My word for this year is “curiosity.” I’ve never chosen a word for the year before, and I really didn’t have plans to pick a word this year. But this word, “curious” or some form of it, kept coming up over and over again. And yesterday, as it popped into my head once more, I thought, God is trying to tell me something.
I know lots of people who pick a word every year. And usually it serves a good purpose for them. For some, it simply makes them intentional to look for something, like my friend Ellen, who picked the word “Joy” the year after her husband passed. It helped her look for, and find joy everywhere.
Other people pick words to help shape themselves. Like one friend who picked the word “compassionate” one year, in order to cultivate more compassion for others. And another friend, picked the word “grace,” not for others, so much, as to cultivate grace for herself. She said it really helped get rid of the negative self-talk.
Some people post the word somewhere prominent to remind themselves of their intention. Some write a few lines in their journal reflecting on their word, each day or week. Some pray over their word and ask God to use it to shape their soul. I plan to pray and journal about my word.
I’m guessing, you might be curious about why I chose this word. (See what I did there?) Why would someone want to be intentional about curiosity? As I said earlier, this word kept popping up in some form or another recently. But first…
How many of you grew up with the phrase, “Curiosity killed the cat?” Me too. I was trained (intentionally or not) that curiosity was not a good thing. Being curious somehow implied that the person was digging into another’s business, or getting into something that didn’t belong to them. And as a person with a degree in child development, this couldn’t be more wrong. We should encourage curiosity in our children, it is one of the greatest learning tools we have. Instead, our education system is built to deny curiosity, which may be one of the major problems with it. But I digress.
I never thought much about my contrary understanding of curiosity, it was just there in my unconscious paradigm. Then a while back, in a seminary class on Pastoral Care, we were instructed that one way to listen well is to stay curious. In other words, instead of letting your mind wander when you should be listening to someone, be curious about what they are saying. Not in an analytical way (that is part of pastoral counseling for sure), but in a wonderment and fascination sort of way. Become curious about the details, or the person as they share the story, or the unique aspects of the perspective. I found it to be a very helpful tool in active listening. It leads to questions and usually an insightful discussion. I have had to practice it, but curiosity has served me well in many, many pastoral conversations since then.
This weekend, I was preaching about the Magi (wisemen) from the Bible. You know – the ones who traveled from the East to present the new baby Jesus with gold, frankincense and myrrh. Anywhoo, the message was about how King Herod and the Magi responded differently to the news of the “King of the Jews” being born. Herod was overcome with fear, he was afraid of losing his status, wealth, and power to this new King. The Magi, on the other hand, responded with awe, curiosity, and a longing to find out if this story was true. They followed that star for many miles and many days to find this new baby.
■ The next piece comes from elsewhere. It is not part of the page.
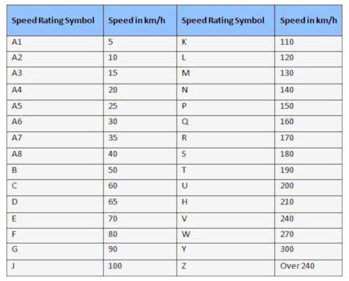 Ανάμεσα σε αυτές τις πληροφορίες βρίσκεται και ο δείκτης ταχύτητας ενός ελαστικού, ο οποίος θα πρέπει επίσης να είναι σύμφωνος με τις προδιαγραφές του ατασκευασή.

And it dawned on me while I was preaching, that a lack of curiosity is one thing sorely missing in our society today. And not just in the education system.
What if, when we encountered someone different from us, a different idea, or a different point of view, we became curious? What if, instead of defensiveness, listening only long enough to get our word in, or attacking the other, what if we got curious instead? What if, instead of the immediate assumption that different = wrong, we assumed everyone is doing the best with the information they have, and let curiosity about the other person, idea, or point of view take over? What if we asked ourselves and the other, questions like, “I wonder why they think this way?” “I’d like to hear more about your reasoning.” “What sort of background do you have?” “I wonder if there is another side to this.” “I wonder if we have more in common than not.”
What if the simple, though not necessarily easy, stance of curiosity, wonder, and fascination with one another could stop some of the major discord and hate in our world?
That idea struck me as a good idea for my own soul, in trying to understand others and their perspectives. Not just in pastoral conversations, but in everyday encounters. Sometimes I forget that everyone is doing the best they can, and sometimes my initial instinct is to make assumptions about others, instead of remaining open.
So, the idea to choose a word, this word (curiosity), as my word for the year was beginning to cement. I was praying about it. And then, yesterday afternoon, I was reminded of a quote by the great Ted Lasso, “Be curious not judgmental.” I think God often speaks through Ted. How about you?
What a great word! I try to approach life with curiosity and often challenge my kids to start with curiosity instead of anger or frustration.